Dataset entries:
--------------------------------------------------

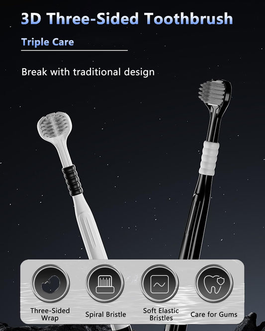 Plexaris 3-Sided Toothbrush for Adults (2-Pack, Soft Bristles with Tongue Cleaner)
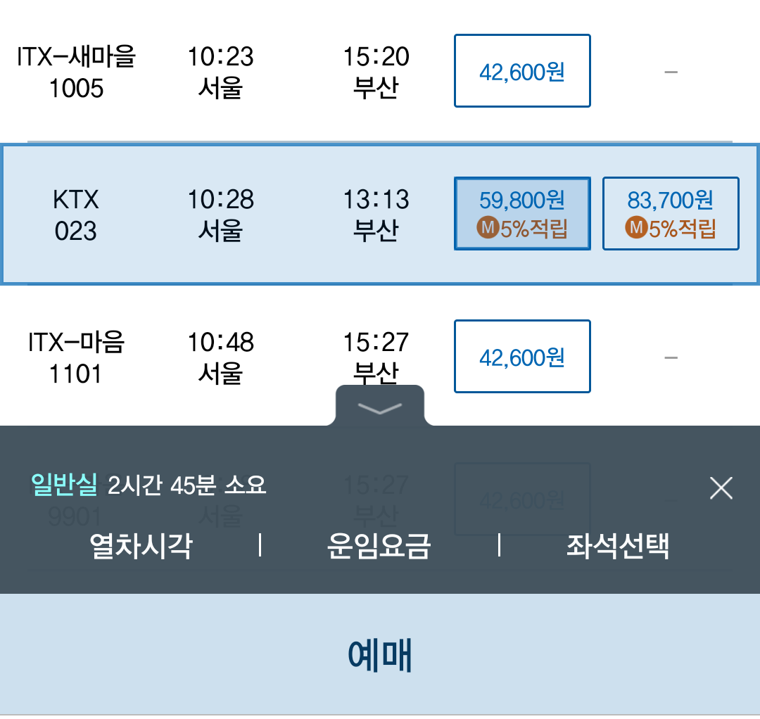 누르면 열차시각, 운임요금, 좌석선택, 예매가 나옵니다.
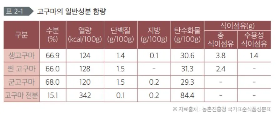 그렇다면 고구마의 성분을 한 번 살펴보자. 어차피 생고구마로는 거의 먹지 않을 테니 춘식이가 좋아하는 찐고구마 위주로 살펴보고자 한다. 찐고구마 기준 100g당 단백질은 겨우 1.5g, 탄수화물은 무려 31g이 있다. 심지어 고양이가 두 번째로 잘 사용하는 지방은 아예 존재하지도 않는다. (심지어 저 단백질이 고양이에게 꼭 필요한 단백질인지도 불확실하다.) 우선 춘식이가 4kg이라는 가정하에 필요한 하루 단백질은 약 22g 정도 되는데 이 22g을 채우기 위해선 고구마 약 1470g이 필요하다. 고구마만 1.5kg을 먹어야 하루 단백질을 겨우 채우는 셈. 그러나 그렇게 먹게 되면 무려 455g의 탄수화물을 먹게 되는데, 이를 칼로리로 환산하면 무려 1820kcal이다. 춘식이가 하루에 먹어야 할 칼로리가 230kcal 임을 감안한다면 너무 많은 칼로리가 탄수화물로 들어오는 셈이다. 단순히 하루에 필요한 단백질만 채우기 위해 저렇게 많은 탄수화물이 강제로 들어오는 셈이다. 이처럼 과도한 잉여 탄수화물은 고양이의 각종 조직과 내장 등에 축적되어 천천히 고양이의 수명을 깎아먹을 것이다.
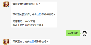 题目:宫本武藏的1技能是什么? 答题格式:wz+答案,今天的王者荣耀答案小编为大家整理好了,希望对玩家获得微信额外的奖励有帮助,不清楚11月26日王者荣耀游戏每日一题答案的玩家速来看看,希望对大家获得腾讯微信免费发放的奖励有帮助。
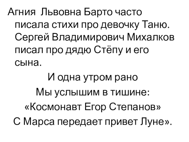 Агния Львовна Барто часто писала стихи про девочку Таню. Сергей Владимирович Михалков писал про дядю Стёпу и
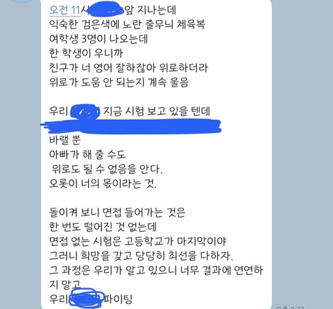 오늘 시험끝난 고딩인데 셤끝나고 폰 켜니까 이거 와있음 ㅠㅠ
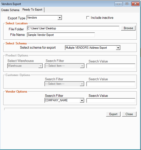 To use this feature you need to create a schema for exporting vendors and all of the addresses for each.
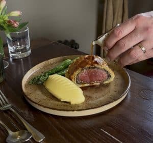 Estate venison wellington with truffle mash, local asparagus and game jus
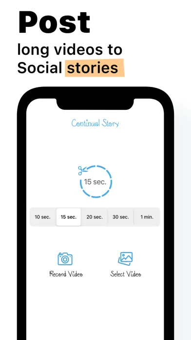 In Instagram Stories you can post videos only up to 15 seconds in length, Continual Story app helps by cutting long videos into 10 / 15 / 20 / 30 / 60 seconds clips so that you can upload them sequentially.
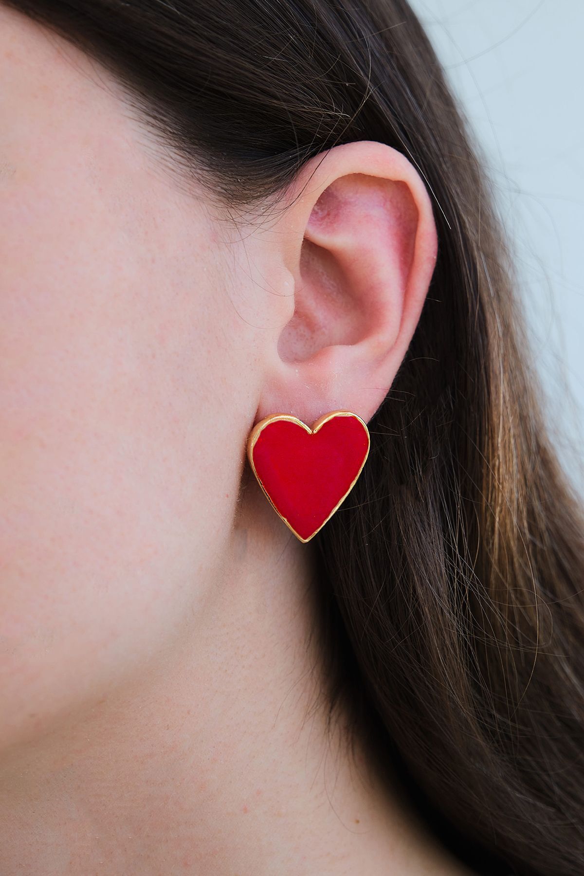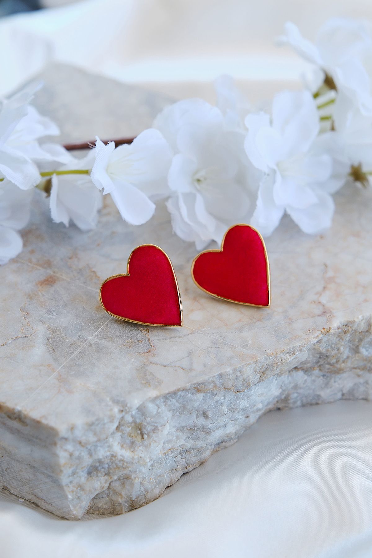 - Zarif altın kaplama ile süslenmiş, her kıyafete şıklık katacak kırmızı mineli kalp küpe.; - Nemli bir bez kullanarak kolayca temizlenebilir; böylece parlaklığını uzun süre korur.; - Kadınların zarafetini tamamlayacak ideal model seçeneği sunar.; - Yerli üretimdir ve Türkiye'de üretilmiştir, yerel sanatçıların yeteneklerini yansıtır.; - Çivi model tasarımıyla modern ve zamansız bir görünüm sağlar.; - Dayanıklı pirinç materyali sayesinde uzun ömürlü kullanım vaat eder.; - Doğal taş detaylarıyla göz alıcı bir estetik sunarken aynı zamanda benzersizliği ön plana çıkarır.
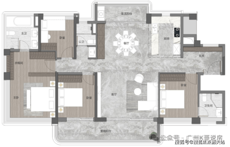 138㎡四房户型,做到了四开间朝南,约16.6米大面宽,而且餐厅带飘窗,做到了南北对流,主卧还配置了独立衣帽间和超大收纳柜,很适合二胎家庭居住。
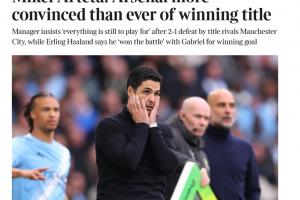 体育资讯04月20日讯 阿森纳1-2不敌曼城,赛后阿尔特塔被问到对夺得英超冠军的信念,他的回答登上了各大媒体的头条。
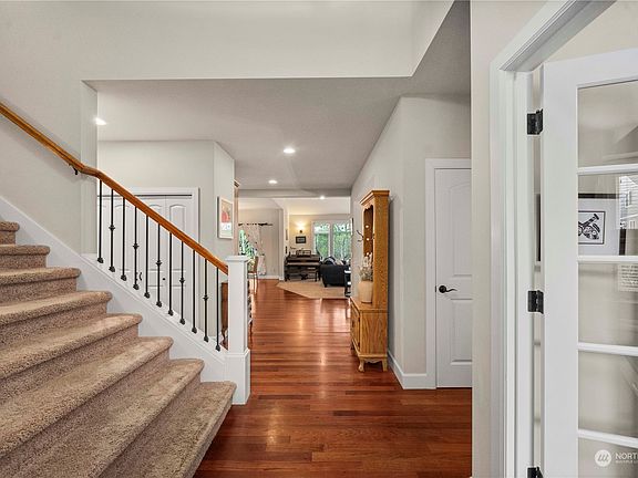 Welcome to this 4 bed, 3 bath home offering luxury & convenience w/primary bedroom on main floor featuring an attached bath, walk-in closet, & laundry. Solar panels ensure energy efficiency, while the new back deck is perfect for outdoor entertaining. A second set of washer/dryer on the second floor adds convenience. Enjoy year-round comfort w/newer heat pump & gas furnace. The 3-car garage & ample storage provide practicality. Inside wood floors, French doors, and a grand staircase create a refined atmosphere. The open kitchen features stainless steel appliances, granite countertops, & a breakfast bar island. Bright, spacious bedrooms, nearby playground, and Issaquah Schools make this home a perfect blend of luxury and comfort.
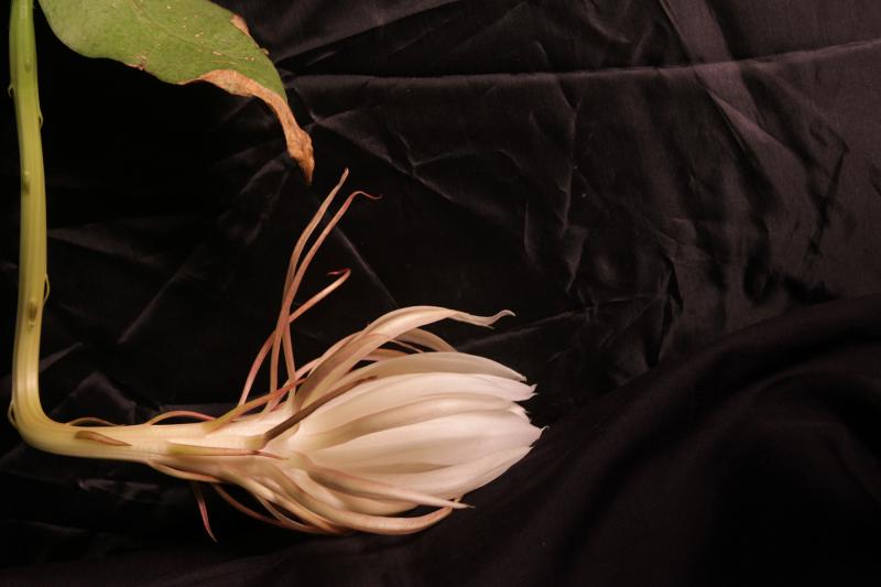 “There it is,” she says, gazing down at the swollen bud of an orchid cactus. “It’s slowly opening.”

--------------------------------------------------

WORK TO COMPLETE. Your copy should hold the lines from the one with "Estate venison wellington" up to and including the one with "In Instagram Stories", exactly as in the data above, and no pictures.

ANSWER SPACE.
 Estate venison wellington with truffle mash, local asparagus and game jus
 In Instagram Stories you can post videos only up to 15 seconds in length, Continual Story app helps by cutting long videos into 10 / 15 / 20 / 30 / 60 seconds clips so that you can upload them sequentially.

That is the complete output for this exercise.